#### INPUT

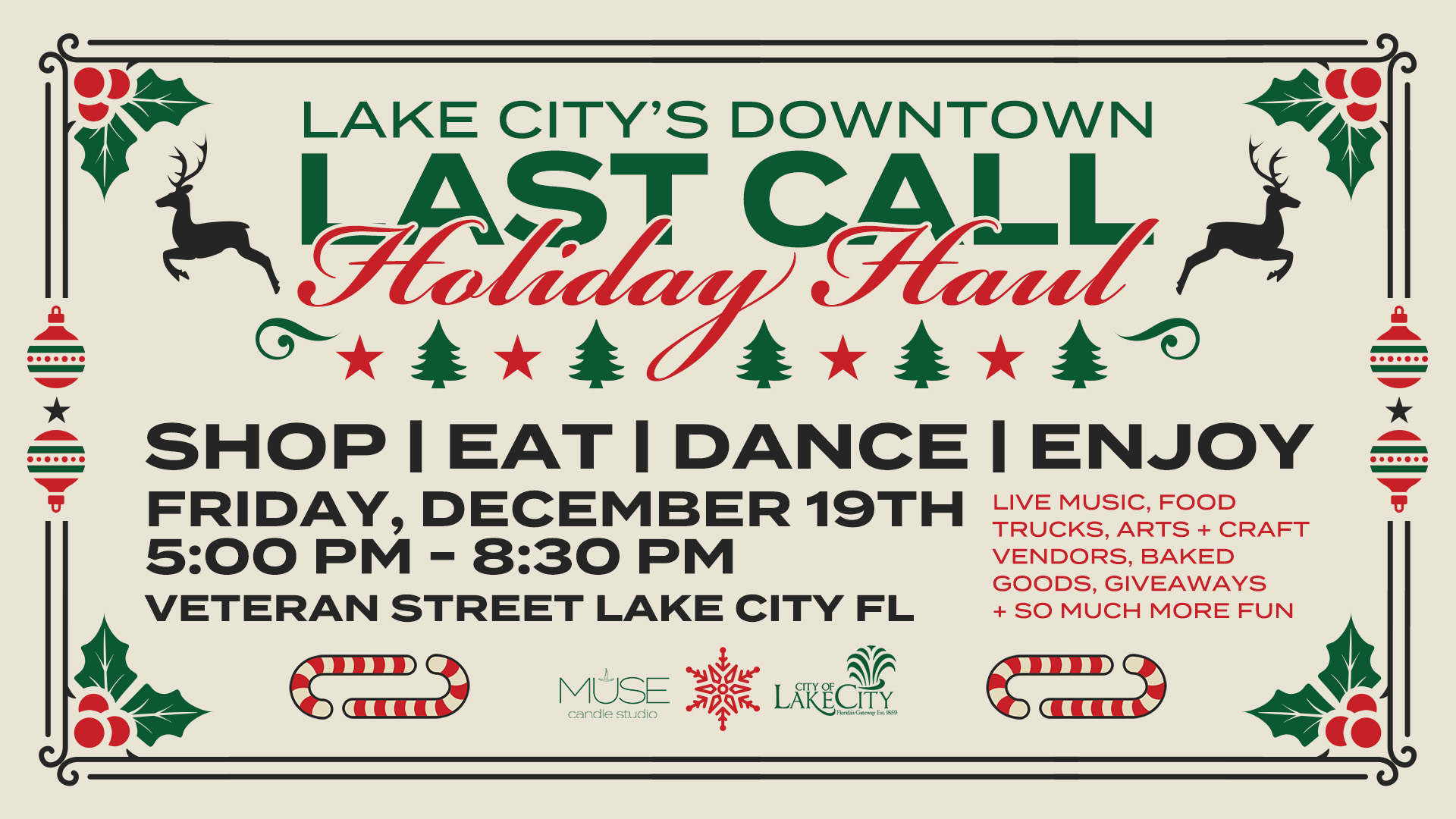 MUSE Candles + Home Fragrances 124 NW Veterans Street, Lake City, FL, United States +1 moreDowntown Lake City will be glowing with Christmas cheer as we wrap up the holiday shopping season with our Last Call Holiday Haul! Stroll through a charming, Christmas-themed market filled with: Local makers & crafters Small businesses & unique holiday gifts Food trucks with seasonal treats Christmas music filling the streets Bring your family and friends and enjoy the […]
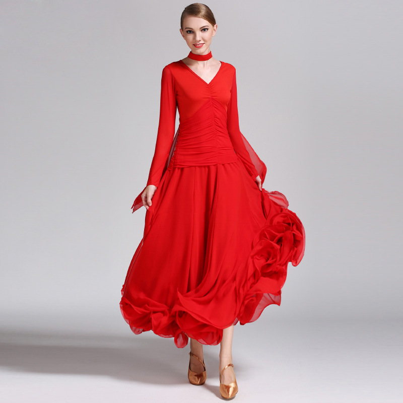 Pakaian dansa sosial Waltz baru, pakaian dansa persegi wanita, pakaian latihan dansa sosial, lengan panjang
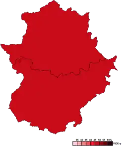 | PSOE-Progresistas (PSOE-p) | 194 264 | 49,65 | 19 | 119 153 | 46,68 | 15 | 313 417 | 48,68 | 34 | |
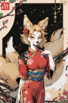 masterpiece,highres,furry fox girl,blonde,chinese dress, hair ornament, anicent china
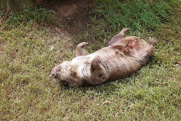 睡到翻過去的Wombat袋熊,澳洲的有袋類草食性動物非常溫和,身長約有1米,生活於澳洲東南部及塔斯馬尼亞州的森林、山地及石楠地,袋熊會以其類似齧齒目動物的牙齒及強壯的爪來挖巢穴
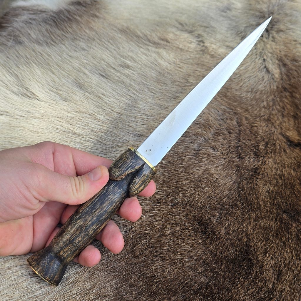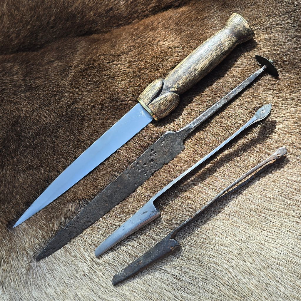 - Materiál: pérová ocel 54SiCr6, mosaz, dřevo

########
#### INPUT

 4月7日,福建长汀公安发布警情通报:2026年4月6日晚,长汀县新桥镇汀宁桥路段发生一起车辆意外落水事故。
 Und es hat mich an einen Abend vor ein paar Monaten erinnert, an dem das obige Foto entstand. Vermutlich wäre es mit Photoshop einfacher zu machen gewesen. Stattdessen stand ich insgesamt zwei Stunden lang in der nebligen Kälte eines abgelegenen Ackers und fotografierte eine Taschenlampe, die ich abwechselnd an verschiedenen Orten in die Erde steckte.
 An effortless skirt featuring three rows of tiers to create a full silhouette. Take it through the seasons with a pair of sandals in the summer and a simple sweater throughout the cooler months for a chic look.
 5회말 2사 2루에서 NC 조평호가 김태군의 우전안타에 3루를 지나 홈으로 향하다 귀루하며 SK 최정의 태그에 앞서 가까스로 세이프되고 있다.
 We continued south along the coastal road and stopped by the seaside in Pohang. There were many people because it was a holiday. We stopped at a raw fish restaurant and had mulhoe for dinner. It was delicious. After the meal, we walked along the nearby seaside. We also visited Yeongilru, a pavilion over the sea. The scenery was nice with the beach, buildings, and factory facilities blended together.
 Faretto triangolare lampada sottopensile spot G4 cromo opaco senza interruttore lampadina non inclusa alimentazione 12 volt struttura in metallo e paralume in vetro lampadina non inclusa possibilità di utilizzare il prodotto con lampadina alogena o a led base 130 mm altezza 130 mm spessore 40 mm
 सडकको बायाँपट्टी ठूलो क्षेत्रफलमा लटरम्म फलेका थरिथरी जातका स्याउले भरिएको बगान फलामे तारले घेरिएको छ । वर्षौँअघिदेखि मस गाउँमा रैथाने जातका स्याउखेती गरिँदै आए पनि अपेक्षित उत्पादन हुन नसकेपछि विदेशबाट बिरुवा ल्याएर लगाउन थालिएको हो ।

########
#### INPUT

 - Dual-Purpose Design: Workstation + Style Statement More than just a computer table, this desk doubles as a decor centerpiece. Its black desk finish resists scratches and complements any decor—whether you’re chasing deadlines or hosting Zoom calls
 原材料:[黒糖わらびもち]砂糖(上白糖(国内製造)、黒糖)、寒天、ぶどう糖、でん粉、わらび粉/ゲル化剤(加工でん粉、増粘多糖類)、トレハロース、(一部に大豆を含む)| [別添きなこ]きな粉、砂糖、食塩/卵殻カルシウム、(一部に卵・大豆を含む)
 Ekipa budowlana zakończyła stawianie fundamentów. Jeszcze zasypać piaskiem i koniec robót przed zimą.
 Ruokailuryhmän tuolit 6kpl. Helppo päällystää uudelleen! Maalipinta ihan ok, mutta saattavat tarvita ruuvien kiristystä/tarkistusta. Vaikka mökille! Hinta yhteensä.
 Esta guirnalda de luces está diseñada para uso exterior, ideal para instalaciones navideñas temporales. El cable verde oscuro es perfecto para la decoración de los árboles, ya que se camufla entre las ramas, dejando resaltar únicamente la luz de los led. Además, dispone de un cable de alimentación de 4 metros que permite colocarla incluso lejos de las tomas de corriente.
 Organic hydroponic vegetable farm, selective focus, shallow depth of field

########

*EXERCISE AIM:* Return a word-for-word copy of the lines above from the one holding "- Dual-Purpose Design: Workstation" through the one holding "Ekipa budowlana zakończyła", with both of them included and nothing besides.

*SOLUTION TO THIS EXERCISE:*
 - Dual-Purpose Design: Workstation + Style Statement More than just a computer table, this desk doubles as a decor centerpiece. Its black desk finish resists scratches and complements any decor—whether you’re chasing deadlines or hosting Zoom calls
 原材料:[黒糖わらびもち]砂糖(上白糖(国内製造)、黒糖)、寒天、ぶどう糖、でん粉、わらび粉/ゲル化剤(加工でん粉、増粘多糖類)、トレハロース、(一部に大豆を含む)| [別添きなこ]きな粉、砂糖、食塩/卵殻カルシウム、(一部に卵・大豆を含む)
 Ekipa budowlana zakończyła stawianie fundamentów. Jeszcze zasypać piaskiem i koniec robót przed zimą.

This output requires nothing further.